Наши пятеро, будучи из одной деревни, почитай родня, да ещё в чужом краю, старались во всём держаться вместе. А ведь надо было и деньгами разжиться, и в порядок себя привести, и с жильём устроиться, и как-то худо-бедно пропитаться и приодеться.

Через какое-то время, оглядевшись и приведя себя в порядок, стали искать они подходы к русской миссии, располагавшейся в центре Кяхты. Она издавна отслеживала тут перемещение русских из России в Монголию. Однако боялись ребята быть призванными на военную службу. Неважно уже было к кому попадешь – к белым ли, к красным ли. Цель-то у них была иная. И раз уж решили они путь держать в Америку, нужны были какие-никакие, а документы. Америка – это вам не Монголия, не Маньчжурия и не Китай.

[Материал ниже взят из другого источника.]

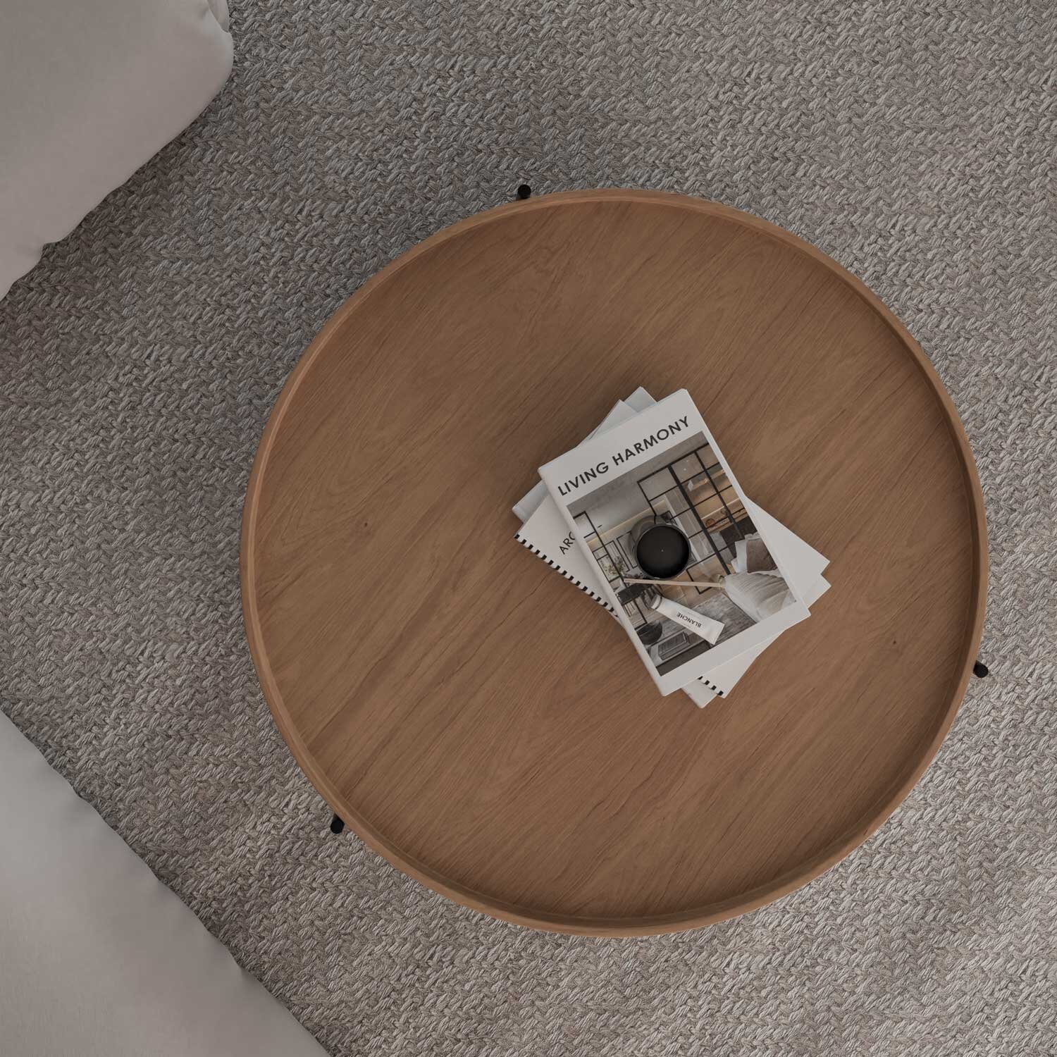 La mesa de centro DYLAN se distingue por su diseño contemporáneo en un elegante color madera con su tapa de chapa de roble, que aporta un toque natural y elegante. Su estructura se combina con las patas metálicas en color negro que garantizan estabilidad y resistencia. Gracias a su estética sobria y moderna, esta mesa es perfecta para interiores de estilo minimalista, industrial o contemporáneo, convirtiéndose en un elemento versátil y atemporal dentro de la decoración. En la foto están la mesa DYLAN y la mesa ADRIÁN, se venden por separado.

Но тут нашим героям повезло несказанно. Миссия эта, как оказалось, обслуживала уже новую власть, рабоче-крестьянскую. У неё были именно сейчас большие проблемы в городе Харбине, где требовались люди для работы на Китайской военной железной дороге (КВЖД). Добротные и крепкие наши парни в миссии приглянулись, и выдали им на старых ещё бланках, как подданным Российской Империи, документы, с которыми направили в русско-китайский Харбин. А в Харбине кто только и с кем в это время не воевал. За тамошние богатства помимо красногвардейцев ожесточенно боролись банды анархистов, семеновцев и каппелевцев, направленные сюда из Читы, где тогда ещё располагался их штаб.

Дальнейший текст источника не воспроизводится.